You remember that night in the upper room in John 13 when, after supper, Jesus got up, took off His outer garments, wrapped Himself with a towel and washed His disciples’ feet. You remember that? And they were all just shocked, scandalized at His behavior. This is the lowest, most menial task, reserved for the slave, not for their Rabbi, their Master. It’s a shocking moment. They’re all very uncomfortable as He washes their feet. And when He gets to Peter, Peter says, “You shall never wash my feet, Lord!” And Jesus said, “Unless I wash you, you have no part with Me.” And so he says, “Well then, not my feet only, but my head and my hands also!” That surely is the right attitude. When we say, “Forgive me,” we are saying, “Forgive all of me. Forgive all of it. Wash me all the way through. Not my feet only, but my head and my hands also. I want there to be no area of my life where I continue to cling to my sin. So wash me clean in every place, in every spot.” “Naked come to Thee for dress, helpless look to Thee for grace; foul I to the fountain fly; wash me, Savior, or I die.” That was what Peter was saying. Is it what you are saying? Is it?

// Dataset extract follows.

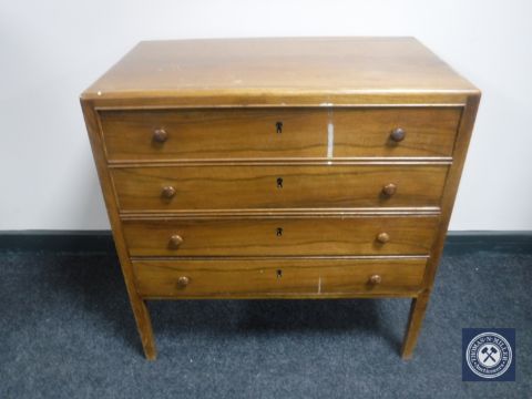 A mid twentieth century walnut four drawer chest

One last thing before we’re done. You’ve been very patient; let me say this. That night in the upper room, Jesus went on to explain why He washed their feet. He said, “You’re clean. You’ve had a bath. You’re clean. You don’t need to wash again except for your feet. Because you walk the dusty streets of Palestine, your feet are going to get dirty and you’ll need to wash them every day, probably more than that – multiple times every day.” Christians are clean, once and for all clean. When you come to know Jesus, your sin is forgiven. Praise God you are clean, but there is still daily grime. Isn’t there? You still sin every day; me too. And the shocking moment in the upper room is so full of beauty because it preaches to us the good news that Jesus is willing, He’s willing to wash away daily grime. So you can go to Him and confess your sin. The Master Himself will still come and wash your feet and make you clean. So why hang back? Why cling to your pet sin, festering away with all its poisonous, deadly impact? Let it go. Come confess. Jesus is ready to wash you clean. Take the bold, audacious prayer on your lips. “Father, forgive all my debts. Wipe the slate clean. Jesus has paid in full. Not my feet only, but my head and my hands also. Wash all of me. Wash me, Savior, or I die.”

Is that your prayer today? That’s the prayer Jesus is teaching us to pray. It ought to be your most familiar prayer – every day, coming to get clean. “Father, forgive us our debts as we forgive our debtors.” Let’s pray together.

Our Father, we do need Your cleansing grace. How urgently we need it. Every day we are guilty; every day we are dirty. Every day we fall short. Today, there’s not a single one of us, not one, who does not need Jesus to wash us clean. So Lord Jesus, not our feet only but our heads and our hands also, all of us, all the way through. Make us clean. Thank You that You shed Your blood to make us clean, that there is no debt to pay when we trust in You, for You have paid in full. Because it is finished, we have hope. So we come to You and we ask You to, “Wash us, Savior, or we die.” Hear our cries, for Jesus’ sake. Amen.